▶ [What needs to be done]:
Please give back each line below unchanged; none of the pictures should appear.

▶ [Data excerpt]:
************

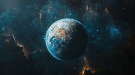 Beautiful image of Earth isolated in the dark expanse of space. Highlighting the planet's solitude and the vastness of the universe.
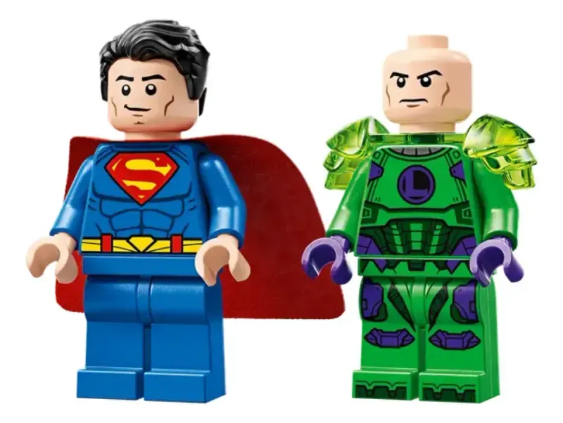 Este juego LEGO DC basado en Superman incluye 2 minifiguras: Superman, con una capa de tela y una cabeza reversible con expresiones alternativas, y Lex Luthor, con un cañón que dispara y un cristal de Kriptonita.
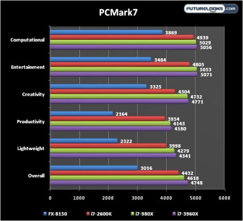 The 3960X enjoys a hefty boost in both computational and multimedia benchmarks. The FX-8150 surprised me in the Integer score which could be reproduced. The Core i7 series essentially dominate the mathematical scores.
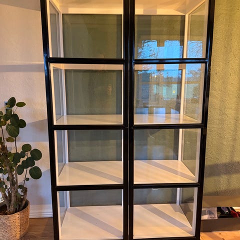 Vi sælger vores vitrineskab i sort jern, da vi har brug for et større. Det fremstår som nyt uden synlige brugsspor og er sat næsten 50 % ned i pris (nypris 6.399 kr.).

************

▶ [Result of the task]:
 Beautiful image of Earth isolated in the dark expanse of space. Highlighting the planet's solitude and the vastness of the universe.
 Este juego LEGO DC basado en Superman incluye 2 minifiguras: Superman, con una capa de tela y una cabeza reversible con expresiones alternativas, y Lex Luthor, con un cañón que dispara y un cristal de Kriptonita.
 The 3960X enjoys a hefty boost in both computational and multimedia benchmarks. The FX-8150 surprised me in the Integer score which could be reproduced. The Core i7 series essentially dominate the mathematical scores.
 Vi sælger vores vitrineskab i sort jern, da vi har brug for et større. Det fremstår som nyt uden synlige brugsspor og er sat næsten 50 % ned i pris (nypris 6.399 kr.).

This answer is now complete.